Sharp breaths pull against
your folding lungs,

warily, my fingertip draws aside
a wisp of hair
from your cracked lips,
when an icy stream sweeps along
a sketching thank you -
and all around fades.

MystyrMystyry
10-04-2011, 03:46 AM
This line:

air clings on to dust

seems to describe the over all effect of this little number

You've captured a moment - or fleeting hour - in a way that has a persistence in memory, a feeling that at that period it all belongs together, everything is connected and dependent on (yet independent of) everything else.
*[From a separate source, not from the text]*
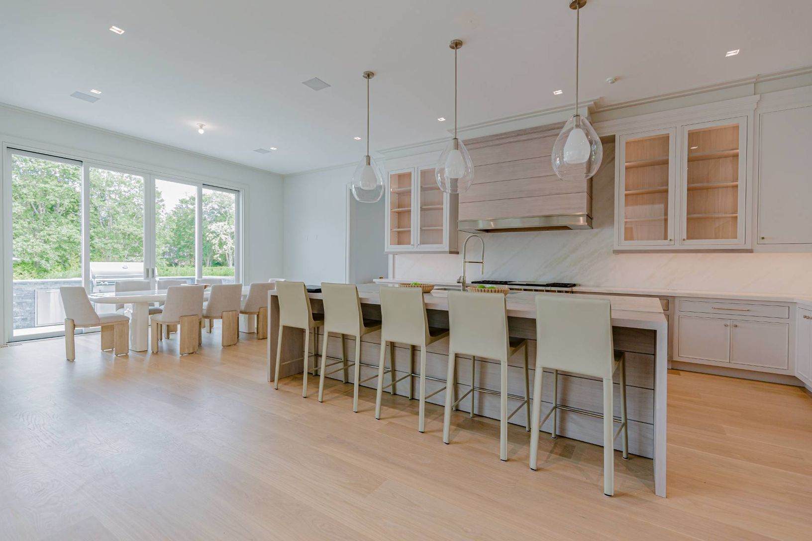 Long Springs Estate. Historic Long Springs Area from the year 1671. Suffolk County’s 62 Acre Preserve to the West. This is a New Bencar Construction. It is comprised of over 11,000+ square feet spread across three levels, all easily accessed by the elevator, on 2.3 acres of pristine land. All-new designer interior with 8 spacious bedrooms, including first and second-floor primary bedrooms. The grand primary bedroom on the second floor offers a

There's a Spring-time quality to it Bar22do, sort of like being there and being aware that it can't last.

osho
10-04-2011, 03:53 AM
Sounds arresting! You have done it marvelously with your use of words that can catch up passing moments. Everything passes and we have things to pas away and we are here to give way in this endless game called life.

I too write poetry and that is why I like your poem, the stuff I wish I were able to write. Maybe I will have to go a long way and I need craftmanship and that does not come naturally and you have it and that makes you a good poet

symphony
10-04-2011, 11:53 AM
Poetry, for me, lingers like your moment here. It's hard for me to ever comment effectively on a poem. Because my reaction to most of the poems is something on a level that I can't explain. And yet that is the reason I read/write poems, because I go to poetry for the unexplainable. Poetry does not explain, only expresses. And this one had beautiful poetry, Bar.

PrinceMyshkin
10-04-2011, 04:16 PM
There's mystery in this* but the reticence of your diction persuaded me to be grateful for what was revealed.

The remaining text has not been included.